LIST(transactions[1:5])
## [[1]]
## [1] "Acer Aspire" "Belkin Mouse Pad" "Brother Printer Toner"
## [4] "VGA Monitor Cable"
##
## [[2]]
## [1] "Apple Wireless Keyboard" "Dell Desktop"
## [3] "Lenovo Desktop Computer"
##
## [[3]]
## [1] "iMac"
##
## [[4]]
## [1] "Acer Desktop" "Intel Desktop"
## [3] "Lenovo Desktop Computer" "XIBERIA Gaming Headset"
##
## [[5]]
## [1] "ASUS Desktop" "Epson Black Ink" "HP Laptop" "iMac"
Investigate how many transactions we have
length(transactions)
## [1] 9835
Investigate how many items are in each transaction
size(transactions)[1:10]
## [1] 4 3 1 4 4 5 1 5 1 2
Investigate how many products we have
length(itemLabels(transactions))
## [1] 125
We have 125 items from the dataset.
# item frequency
itemFrequencyPlot(transactions, type = "absolute", topN =10, col = rainbow(10), main = "High Frequency")
# create a table of low frequency items
lowFreqency <- sort(table(unlist(LIST(transactions))), decreasing = FALSE)[1:10]
lowFreqency
##
## Logitech Wireless Keyboard VGA Monitor Cable
## 22 22
## Panasonic On-Ear Stereo Headphones 1TB Portable External Hard Drive
## 23 27
## Canon Ink Logitech Stereo Headset
## 27 30
## Ethernet Cable Canon Office Printer
## 32 35
## Gaming Mouse Professional Audio Cable
## 35 36
# plot low frequency items
par(mar=c(10, 17, 2, 1))
barplot(lowFreqency,
horiz=TRUE,
las = 1,
col=rainbow(10),
main = "Low Frequency")
image(sample(transactions, 200))
From the 200 random sampled transactions, we do see some patterns for certain items. Some items show a almost solid vetical line, those items were purchased more frequently.

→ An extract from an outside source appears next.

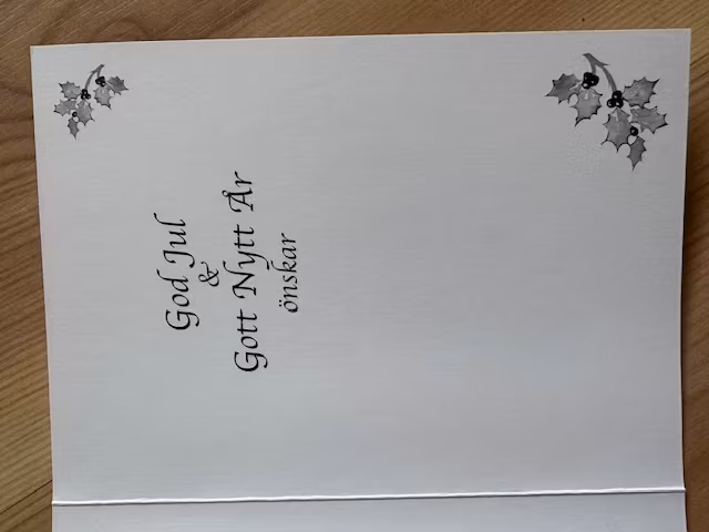 Fin insida med järnekskvistar och text god jul och gott nytt år

We will use Apriori algorithm to perform the Market Basket Analysis. The Apriori algorithm is helpful when working with large datasets and is used to uncover insights pertaining to transactional datasets. It is based on item frequency. For example, this item set {Item 1, Item 2, Item 3, Item 4} can only occur if items {Item 1}, {Item 2}, {Item 3} and {Item 4} occur just as frequently.
The Apriori algorithm assesses association rules using two types of measurements. The first statistical measure is the Support measurement, which measures itemsets or rules frequency within your transactional data.The second statistical measure is the Confidence measurement, which measures the accuracy of the rules.
Apply and inspect the first 10 rules
# applying apriori rule
aprioriRule <- apriori(transactions, parameter = list(supp = 0.001, conf = 0.55, minlen = 2, maxlen = 4))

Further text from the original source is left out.